### Stored data
====

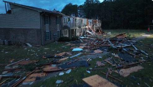 Ο ανεμοστρόβιλος ήταν ένας από τους περίπου 30 που αναφέρθηκαν σε Μισισίπι και Αλαμπάμα, όπου 20.000 σπίτια και επιχειρήσεις έχουν μείνει χωρίς ηλεκτρικό ρεύμα.
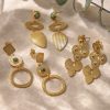 French retro style natural stone long stud earrings vintage women’s earrings plated with 18K gold plated stainless steel exaggerated earrings with a sense of luxury
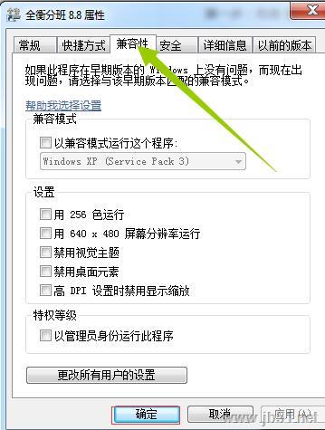 第一步:右击 全衡分班(桌面图标)选项卡,点击最下面的 属相,选择-兼容性,把下面的以管理员身份运行此程序打对勾,最后点确定;

====

### Try it
Transcribe the listing above verbatim. No picture belongs in the result.

### Reply to the exercise
 Ο ανεμοστρόβιλος ήταν ένας από τους περίπου 30 που αναφέρθηκαν σε Μισισίπι και Αλαμπάμα, όπου 20.000 σπίτια και επιχειρήσεις έχουν μείνει χωρίς ηλεκτρικό ρεύμα.
 French retro style natural stone long stud earrings vintage women’s earrings plated with 18K gold plated stainless steel exaggerated earrings with a sense of luxury
 第一步:右击 全衡分班(桌面图标)选项卡,点击最下面的 属相,选择-兼容性,把下面的以管理员身份运行此程序打对勾,最后点确定;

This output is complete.